- [PROVIDED RECORDS]:
*** Begin section ***

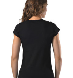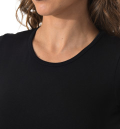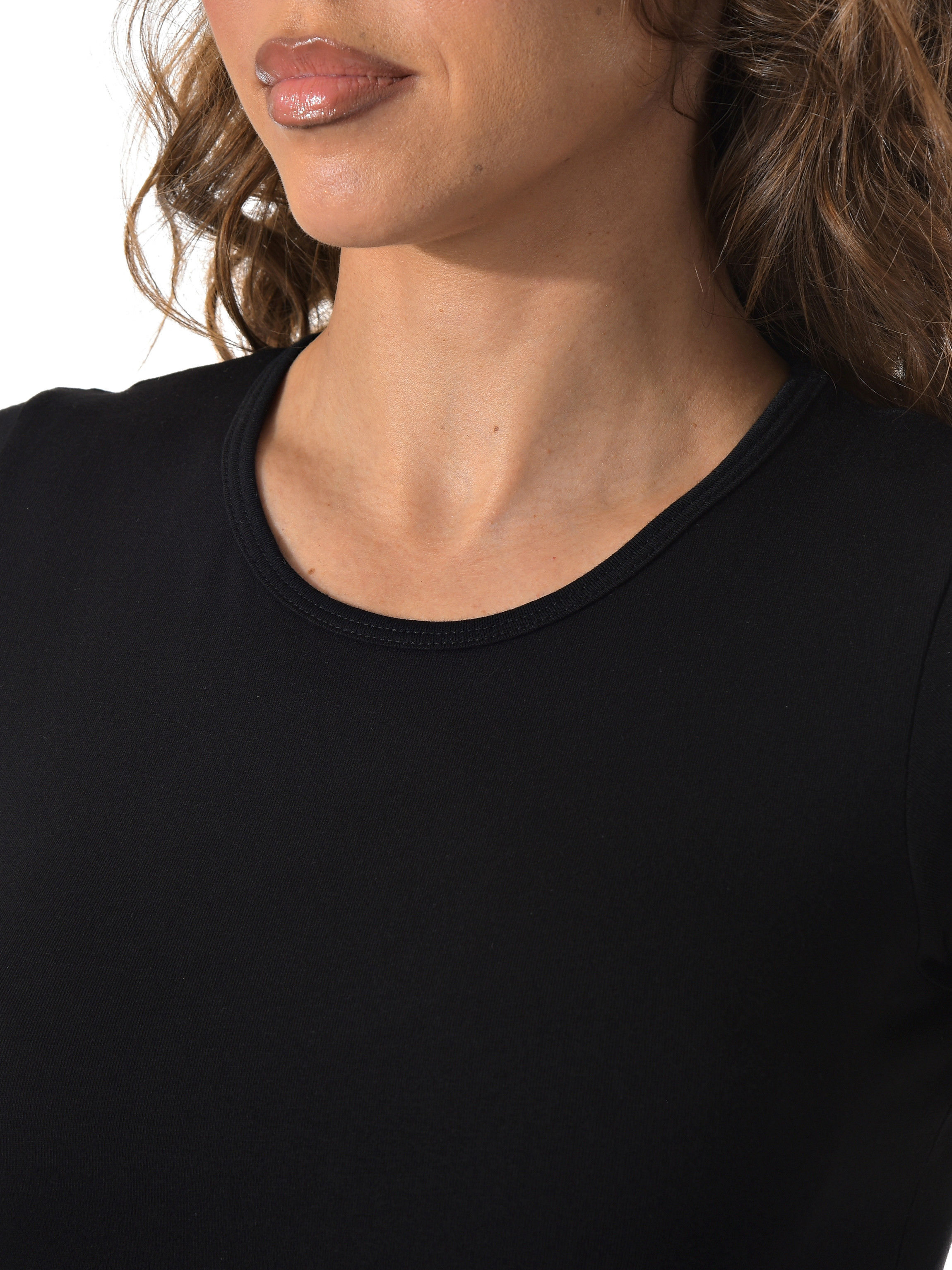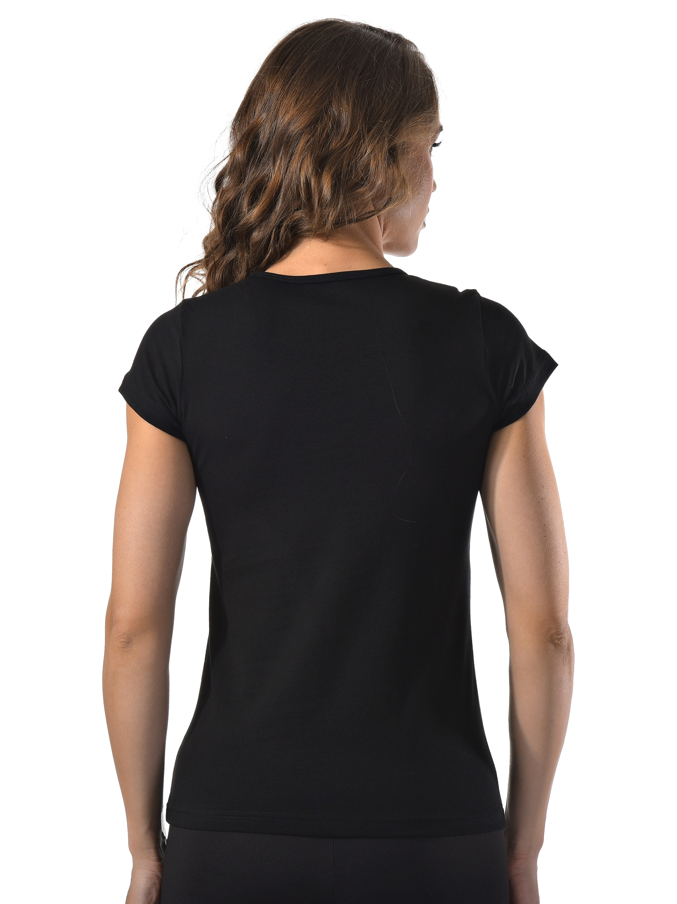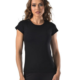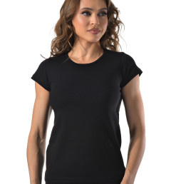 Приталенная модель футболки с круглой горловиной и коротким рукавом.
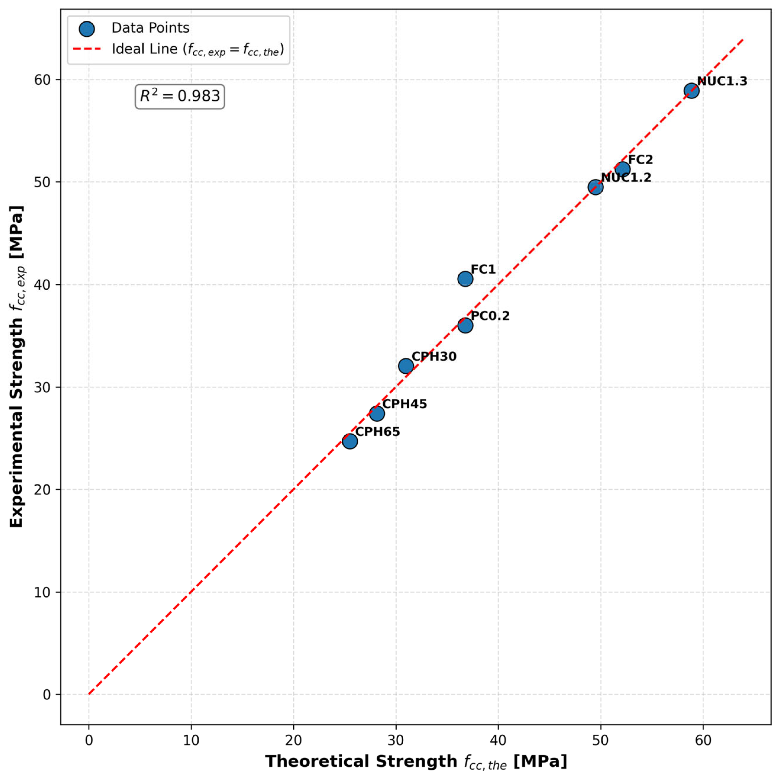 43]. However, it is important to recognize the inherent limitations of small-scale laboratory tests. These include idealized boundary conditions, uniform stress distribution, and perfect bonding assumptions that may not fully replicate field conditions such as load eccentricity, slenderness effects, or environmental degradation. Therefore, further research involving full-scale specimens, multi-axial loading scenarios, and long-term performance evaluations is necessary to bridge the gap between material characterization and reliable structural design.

*** End section ***
*** Begin section ***

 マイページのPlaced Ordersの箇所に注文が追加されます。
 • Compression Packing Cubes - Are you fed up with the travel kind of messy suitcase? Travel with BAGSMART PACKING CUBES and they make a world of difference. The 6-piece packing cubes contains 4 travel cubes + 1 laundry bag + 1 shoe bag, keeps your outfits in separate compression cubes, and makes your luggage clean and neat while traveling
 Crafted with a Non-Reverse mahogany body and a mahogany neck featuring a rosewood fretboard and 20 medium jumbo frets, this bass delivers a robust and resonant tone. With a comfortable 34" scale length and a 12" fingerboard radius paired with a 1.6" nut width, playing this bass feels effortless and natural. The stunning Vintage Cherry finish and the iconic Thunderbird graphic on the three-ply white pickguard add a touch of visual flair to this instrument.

*** End section ***
*** Begin section ***

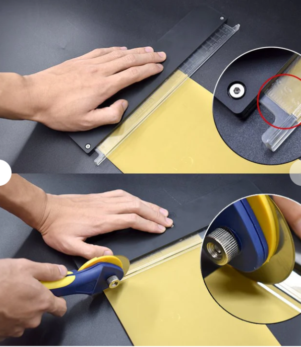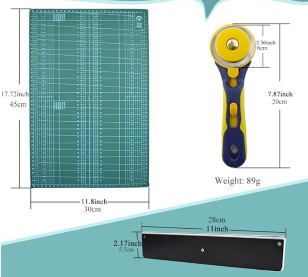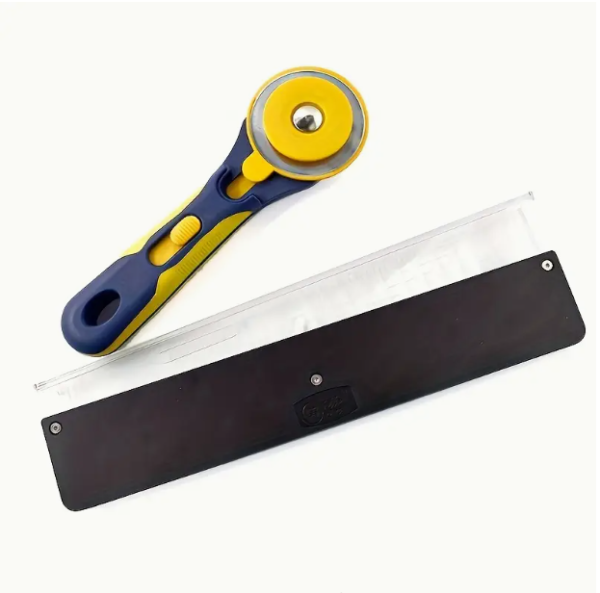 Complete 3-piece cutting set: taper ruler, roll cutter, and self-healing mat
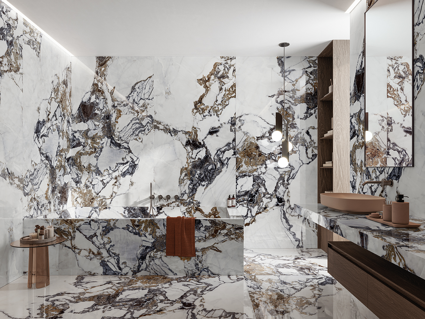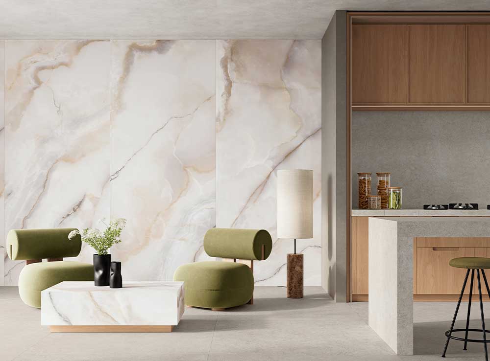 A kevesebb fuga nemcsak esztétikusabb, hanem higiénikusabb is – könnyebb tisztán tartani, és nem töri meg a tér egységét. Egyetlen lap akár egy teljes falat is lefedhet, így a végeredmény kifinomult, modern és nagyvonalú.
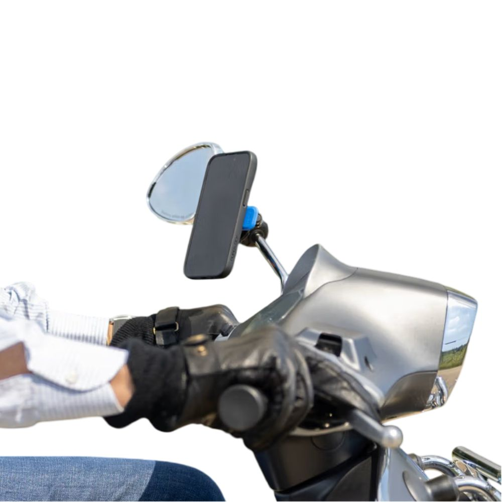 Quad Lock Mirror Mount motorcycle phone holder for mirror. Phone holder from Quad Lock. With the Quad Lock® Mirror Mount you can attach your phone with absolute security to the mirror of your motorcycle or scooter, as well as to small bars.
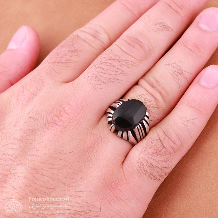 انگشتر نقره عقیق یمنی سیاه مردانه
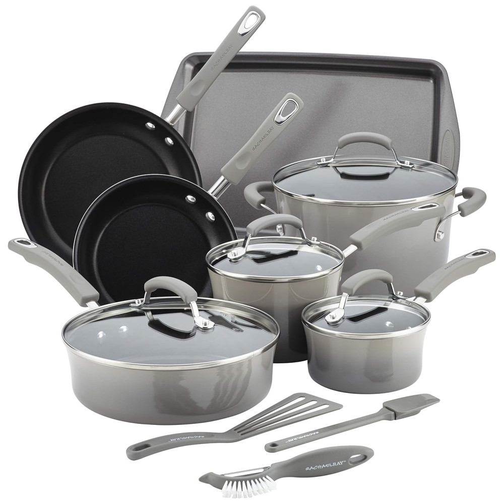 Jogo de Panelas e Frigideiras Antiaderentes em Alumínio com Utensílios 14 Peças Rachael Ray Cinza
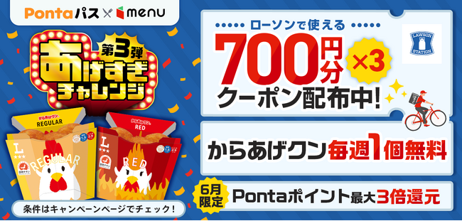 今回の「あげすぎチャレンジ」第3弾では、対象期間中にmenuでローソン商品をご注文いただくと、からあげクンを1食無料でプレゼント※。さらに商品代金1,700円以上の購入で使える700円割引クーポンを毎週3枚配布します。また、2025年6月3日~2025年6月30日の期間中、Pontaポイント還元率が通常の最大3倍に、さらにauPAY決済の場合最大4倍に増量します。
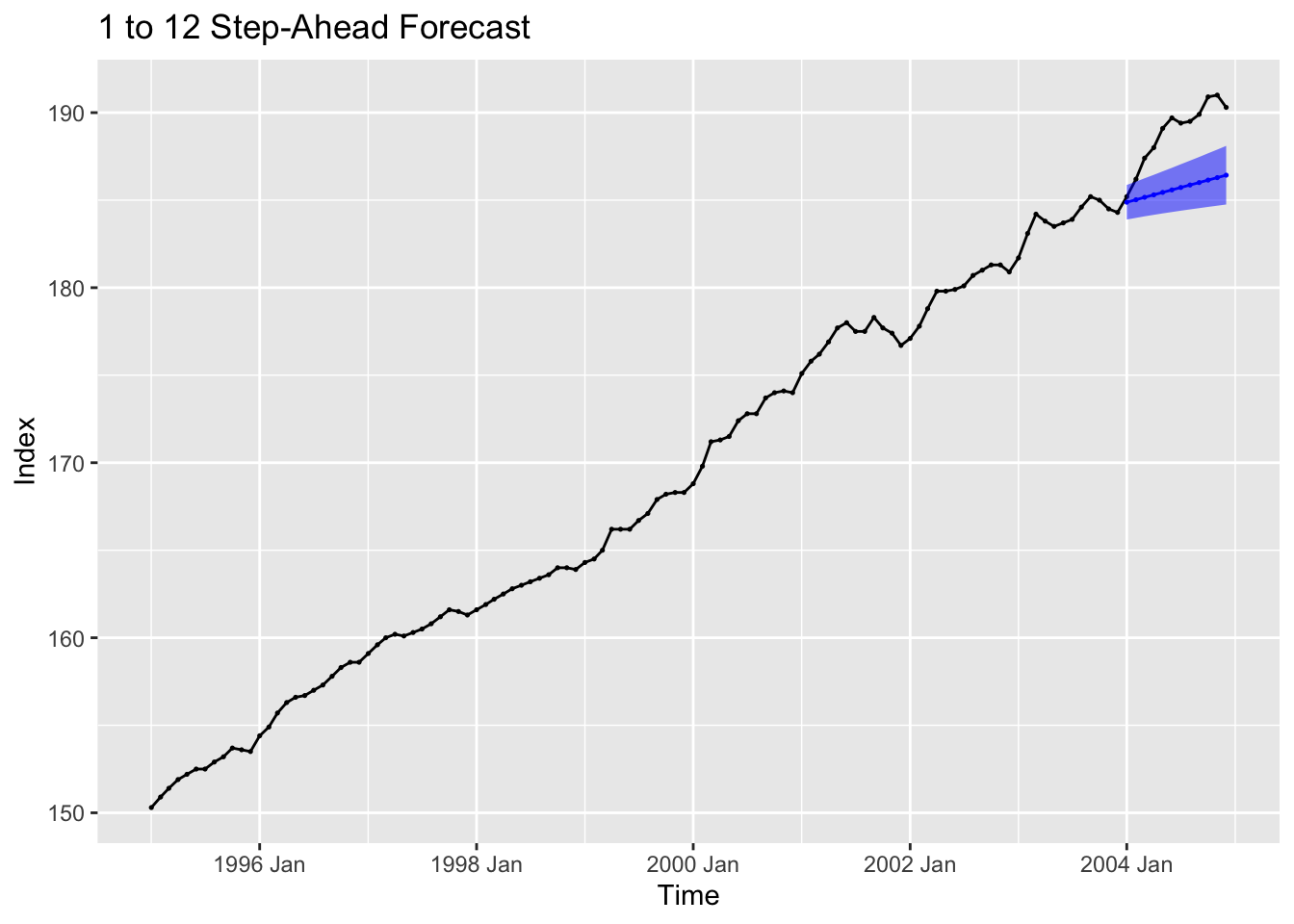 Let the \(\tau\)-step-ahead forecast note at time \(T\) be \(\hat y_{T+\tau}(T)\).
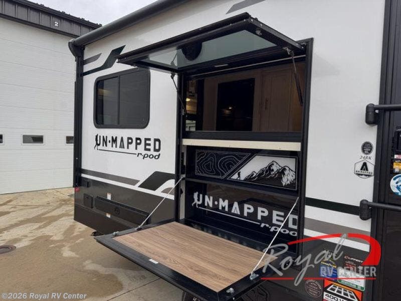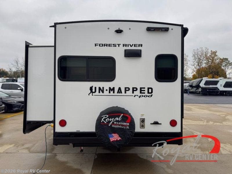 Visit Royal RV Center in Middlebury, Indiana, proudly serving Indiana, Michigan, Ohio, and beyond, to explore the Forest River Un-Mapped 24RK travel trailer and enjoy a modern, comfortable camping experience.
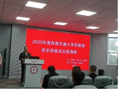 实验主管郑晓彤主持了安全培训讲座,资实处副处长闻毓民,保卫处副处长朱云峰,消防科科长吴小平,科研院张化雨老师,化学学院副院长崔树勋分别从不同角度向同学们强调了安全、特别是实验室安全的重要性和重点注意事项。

*** End section ***

- [TRY IT]:
Precisely the lines between those holding "neat while traveling" and "Crafted with a", inclusive, are to be reproduced from the listing above, with nothing added.

- [RESULT FOR THIS TASK]:
 • Compression Packing Cubes - Are you fed up with the travel kind of messy suitcase? Travel with BAGSMART PACKING CUBES and they make a world of difference. The 6-piece packing cubes contains 4 travel cubes + 1 laundry bag + 1 shoe bag, keeps your outfits in separate compression cubes, and makes your luggage clean and neat while traveling
 Crafted with a Non-Reverse mahogany body and a mahogany neck featuring a rosewood fretboard and 20 medium jumbo frets, this bass delivers a robust and resonant tone. With a comfortable 34" scale length and a 12" fingerboard radius paired with a 1.6" nut width, playing this bass feels effortless and natural. The stunning Vintage Cherry finish and the iconic Thunderbird graphic on the three-ply white pickguard add a touch of visual flair to this instrument.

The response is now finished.